The purpose of this study was to assess the ability of [(18)F]FDG-PET, CT/MRI and serum tumor marker (TM) to predict the viability of residual masses after high-dose chemotherapy (HD-Ctx) in patients with metastatic germ cell tumors (GCT). In a prospective study, 60 residual tumors in 28 GCT patients were classified as viable/nonviable by FDG-PET, CT/MRI and TM levels. The results were validated either by histological examination of a resected mass and/or biopsy or by clinical/radiological follow-up for at least 6 months. There were no significant differences among the sensitivities observed with PET, CT/MRI and TM, but PET was significantly more specific than CT/MRI in predicting residual mass viability. TM showed the highest specificity. The highest accuracy in classification of residual tumors was achieved by a combination of PET, CT/MRI and TM (area under the ROC curve =0.91). All mature teratomas showed false-negative PET results with SUVs in the same range as necrosis.
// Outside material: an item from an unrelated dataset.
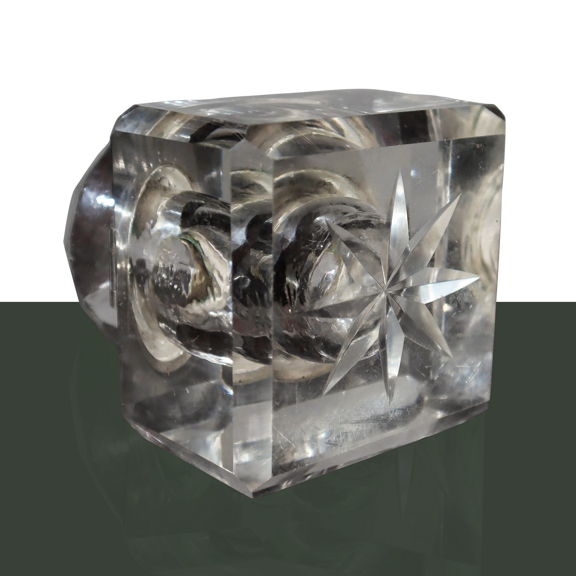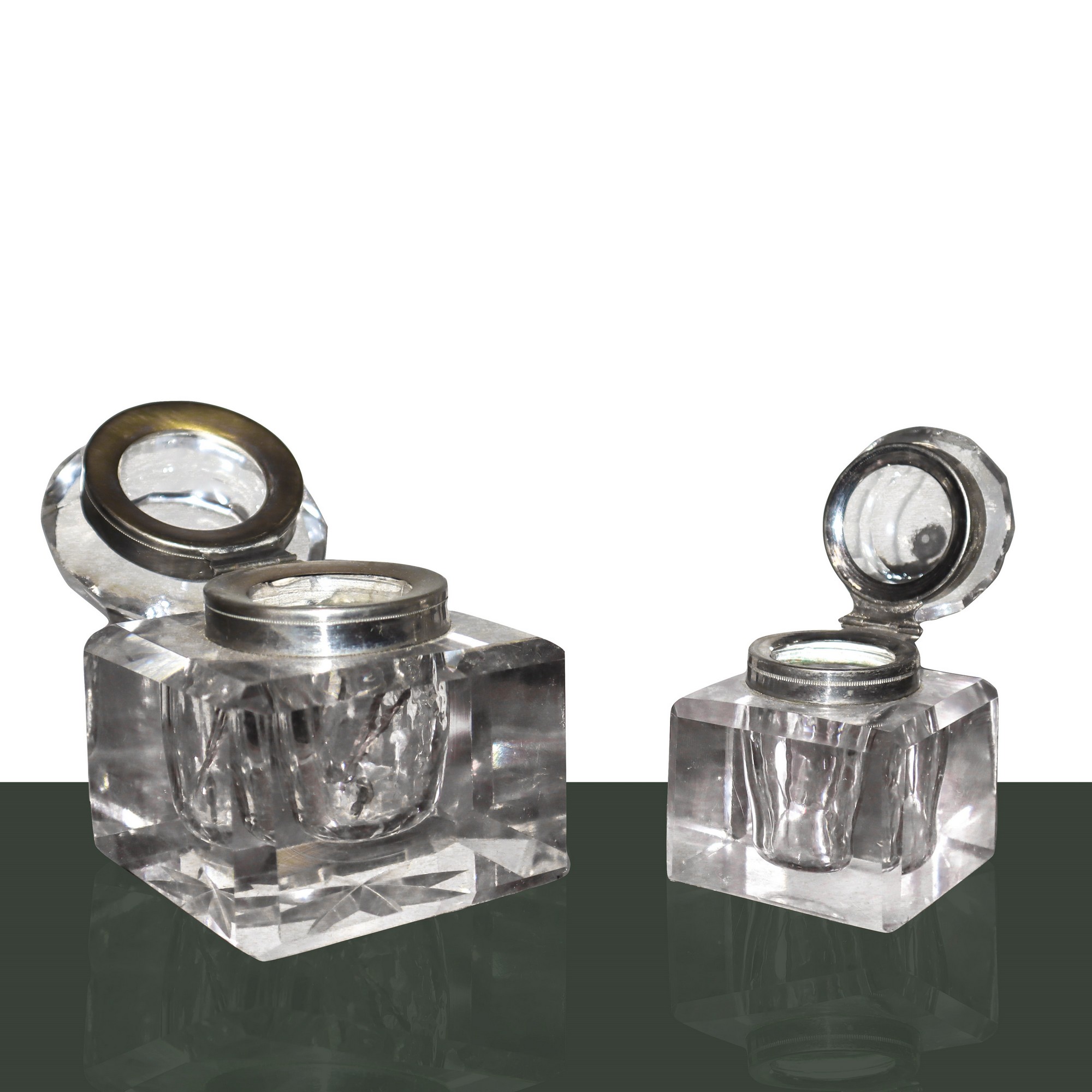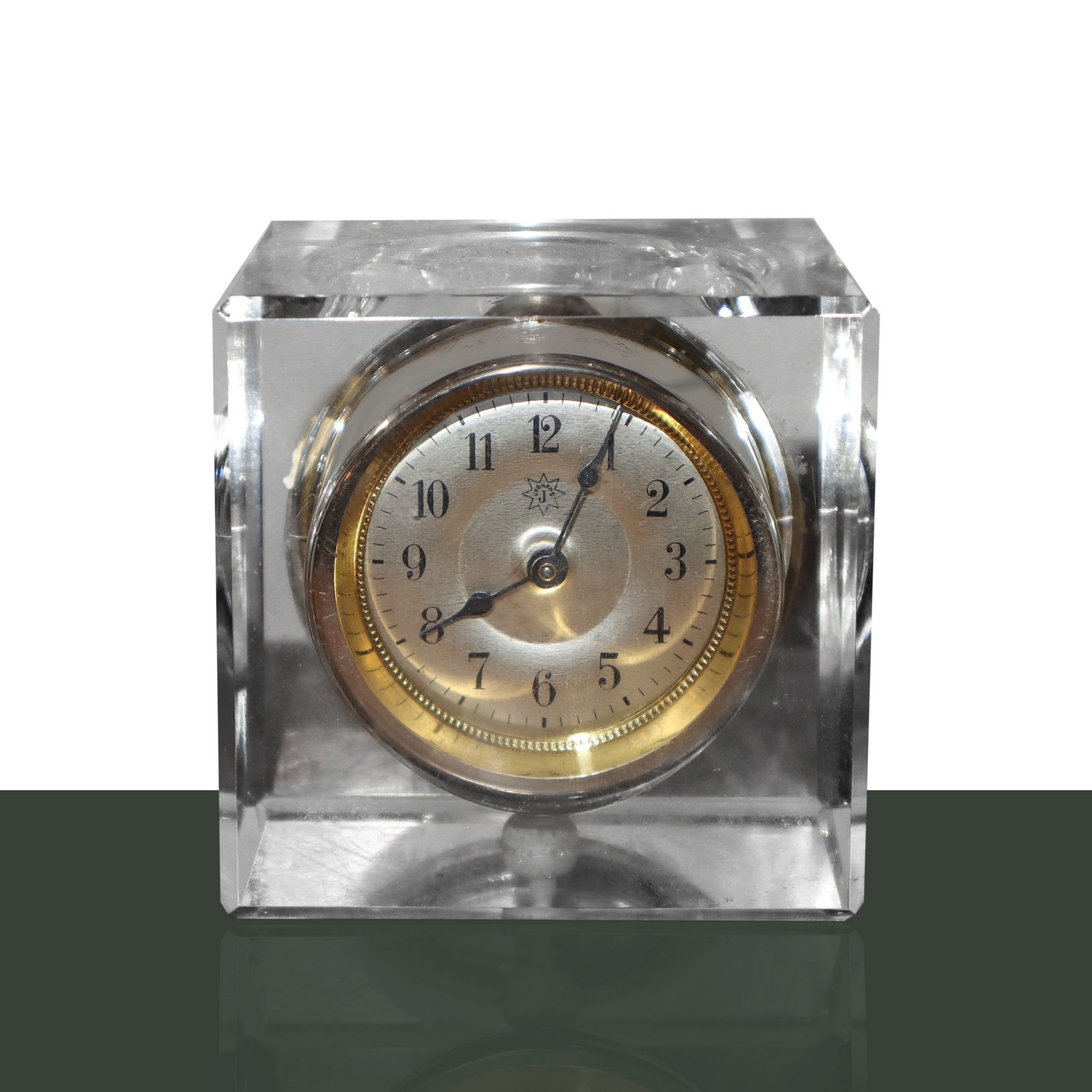 Junghans - Coppia di calamai e orologio in cristallo. H cm 11.8 x 12 x 12

For classification of residual masses after HD-Ctx of metastatic GCT, [(18)F]FDG-PET is a valuable diagnostic method to complement the established procedures CT and TM. Positive PET results are highly correlated with the presence of viable tumor, but residual masses with negative PET findings still require resection. In cases of tumor progression diagnosed by CT and elevated TM, additional PET examinations are without benefit. PET seems useful in patients with stable disease or partial remission in CT/MRI and normalized TM as well as in marker-negative disease.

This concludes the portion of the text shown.